A revolução do altruísmo

O cientista Matthieu Ricard tem uma habilidade singular: legitimar o espiritual e a felicidade como valores tangíveis, inspirando bons hábitos. É o que ele faz na reveladora obra que dá nome a este artigo. Ph.D em genética celular pelo renomado Instituto Pasteur, sob a orientação de um Nobel da Medicina, moldou sua mente em absoluto rigor científico. Contudo, aliou uma promissora carreira para aprimorar-se em práticas meditativas na Ásia e ligar ciência e espiritualidade. Esse breve relato talvez remonte à ideia de se aproximar monges de executivos, não pendesse Ricard para a gratuidade, sem o desejo de acumular dinheiro ou fama propondo às gestões as alegorias espirituais da autoajuda.
Ao contrário: levou a estruturação tecnológica e científica para melhor gerir e difundir conhecimentos espirituais ancestrais das montanhas. Com isso, ajudou a tornar o Himalaia, por assim dizer, mais pragmático. Ricard fala de ‘revolução’, sem encrespar uma marola sequer de movimentos a favor ou contra qualquer coisa. Tampouco prega a passividade da ‘não-violência’. É pelo pragmatismo que ele convence de que está tudo errado nesse reinado de individualismo, ganância e ódio que vivemos. E que o espiritual, sem misticismos, é “o” caminho. Mas, o otimismo desse livro não é ingênuo, com a resignação sugerindo esperar de onde já não vem. Há forte parcela de realismo crítico, dosado com a perspectiva positiva de que tudo ficará bem se a lógica da natureza for respeitada. Simples assim.
E prova que nascemos para ser bons e mais distributivos, com técnicas que ajudam na evolução a esse respeito. Ele próprio submeteu-se a um escaneamento cerebral por horas a fio nos EUA, sob a supervisão de Daniel Goleman (o cara da Inteligência Emocional), para comprovar que os vários tipos de meditação propostos geram atividades neuronais em diferentes partes do cérebro, aumentando as chances de se alcançar estados de plenitude. Tudo que os negócios precisam em tempo de demandas por “cérebros disruptivos”, upgrade de ‘mindsets’ e criatividade promovendo inovação a parto de fórceps! O que se conclui, é que ondas mentais de intenções fraternais impactam positivamente a realidade (e a inventividade na prática), porque o pensamento não é imaterial.
Outra curiosa constatação, esta sim inédita e revolucionária, pode ser tomada emprestada pela moderna gestão ao convergir décadas de pesquisas científicas em neurociência, psicologia, economia e biologia: a comprovação de que todos, sem exceção, têm compaixão e amor altruísta em expansão. Só precisa cultivar. Segundo o Nobel de Economia, Angus Deaton, em entrevista à “revista Veja”, hoje existe uma preocupação geral de tornar o mundo um lugar melhor. Há uma força coletiva que empurra o mundo nesta direção. E vem obrigando as corporações a colocarem os valores e a integridade no centro da cultura organizacional.
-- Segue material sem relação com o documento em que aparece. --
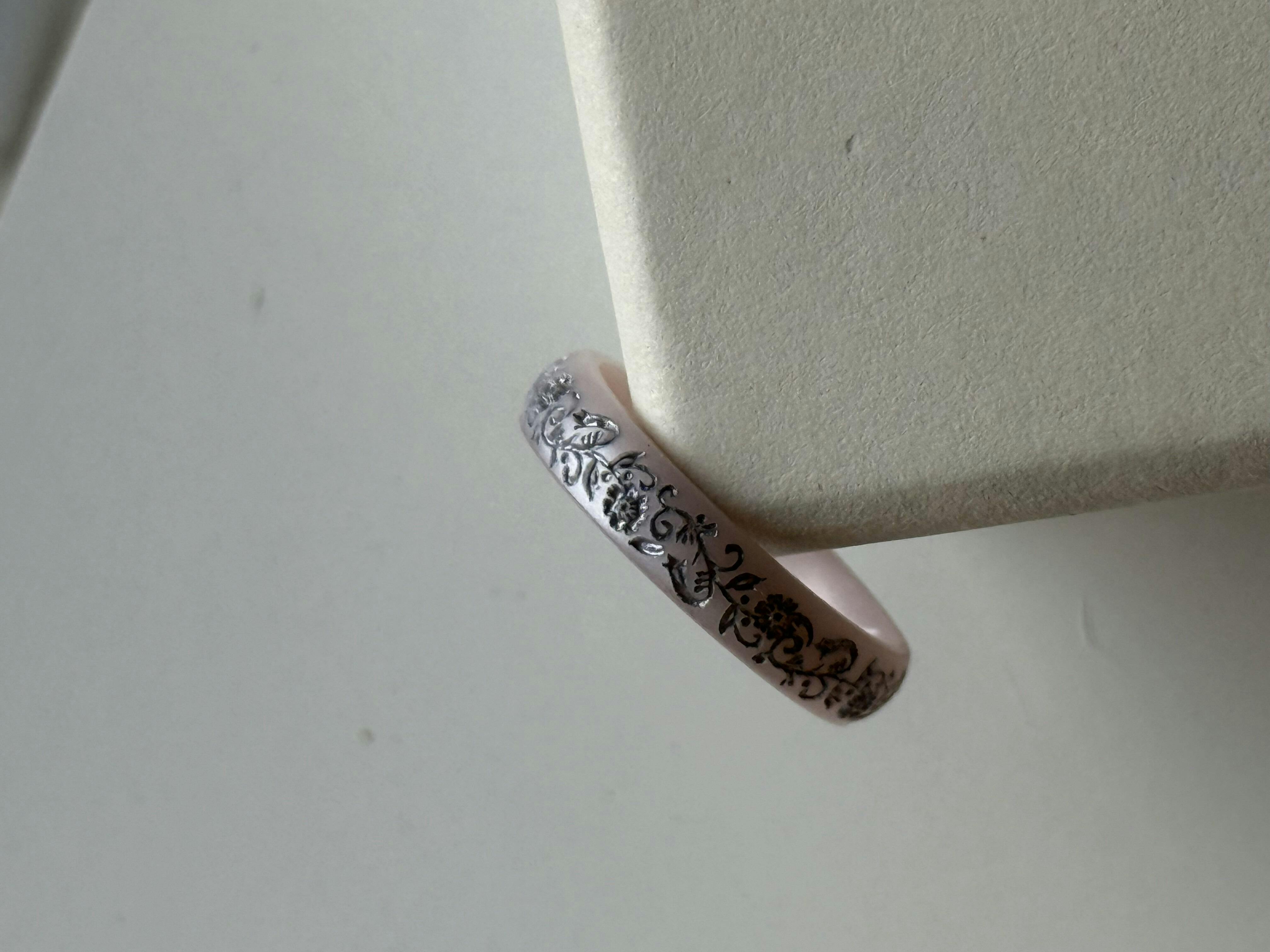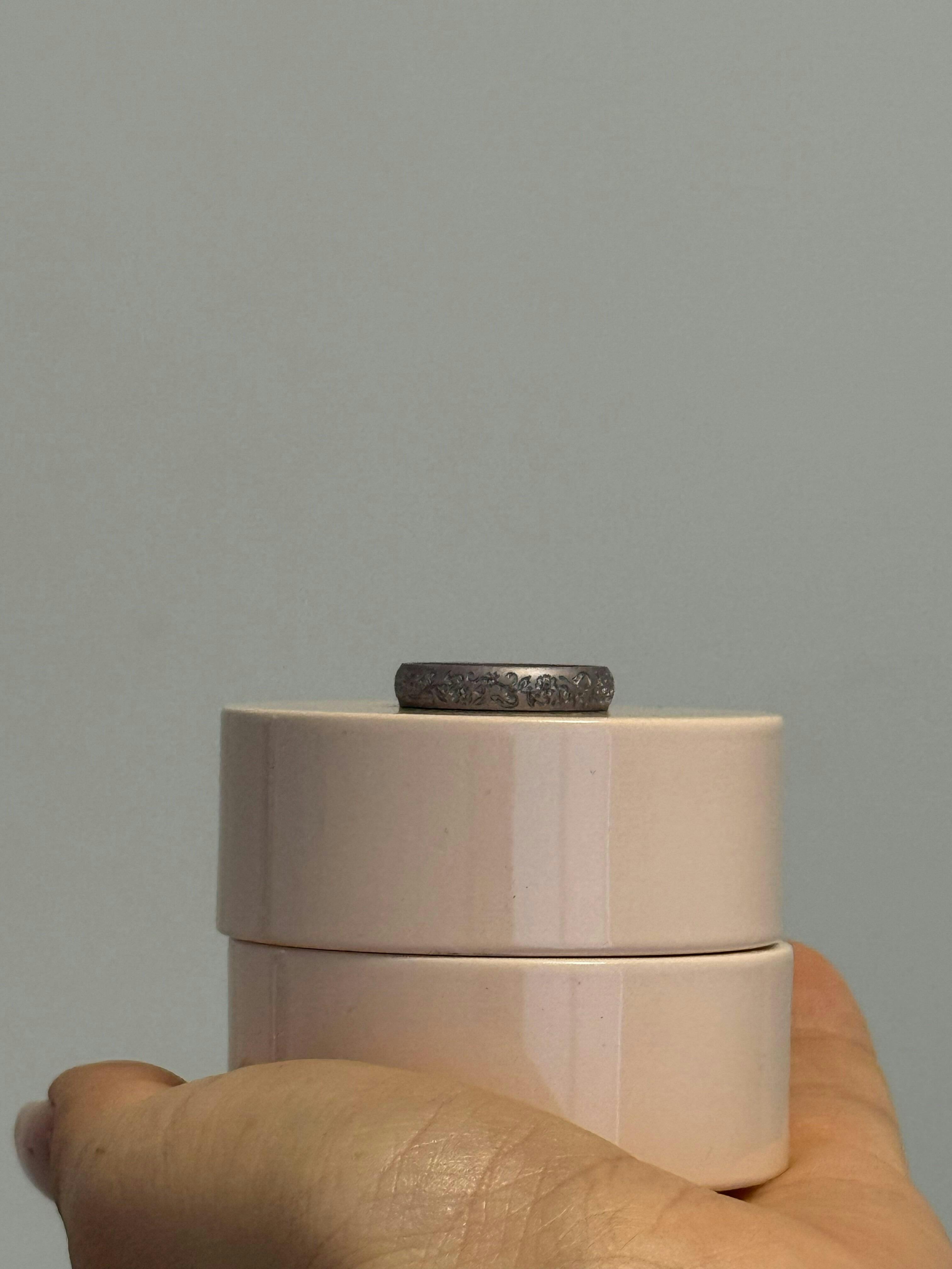 Delicate, detailed, and designed for life in motion - the Nordic Bloom ring features flowing floral motifs inspired by Scandinavian folk art, engraved and hand-filled with silver silicone ink for a soft, elegant shimmer. The slim 4mm Arc band has a gently curved outer profile, giving it a clean, modern silhouette that feels as good as it looks. It's also gently curved on the inside for maximum breathability.

Ricard converge com Deaton quando observa o avançar do altruísmo no planeta, porque o desconforto atual evoca um pensar conjunto sobre a solução para o impasse da policrise instalada. Outro ponto importante de seus escritos é que todos nós possuímos ‘senso de responsabilidade e generosidade’ para com os seres vivos. Ou seja, nossa natureza é cooperativa. A começar por nossa conformação cerebral, onde dois hemisférios interagem para o bem de uma unidade mantida pela interdependência. Somos uma rede por excelência e “tudo o que é sustentável tem o padrão de rede”, para lembrar aqui o ilustre brasileiro Augusto de Franco. Embora seja natural, é preciso exercitar essa consciência (da cooperação e da ‘rede’), aparando eventuais arestas. Segundo o autor, meditar facilitaria isso, podendo melhorar comportamentos, turbinar a mente e aprimorar o clima em instituições, cidades, países, favorecendo o senso de unidade e a sustentabilidade.
Apesar de muitas provas em contrário atualmente, Ricard nos leva a concluir que o mundo tornar-se-á melhor na medida da reorientação do foco predominante para o bem-estar coletivo. Consciência de que algo só é realmente bom quando for bom para todos – que é a utopia da dimensão espiritual. “A revolução do altruísmo” (editora Palas Athena) é uma rica pesquisa, com 715 surpreendentes páginas e pode ser a alternativa da espiritualidade ser chancelada pela ciência, ganhando de vez a confiança da economia e da gestão. Falando em Himalaia, o autor acredita que ainda há chance do mundo esquivar-se do penhasco para onde caminha. Que ele esteja certo!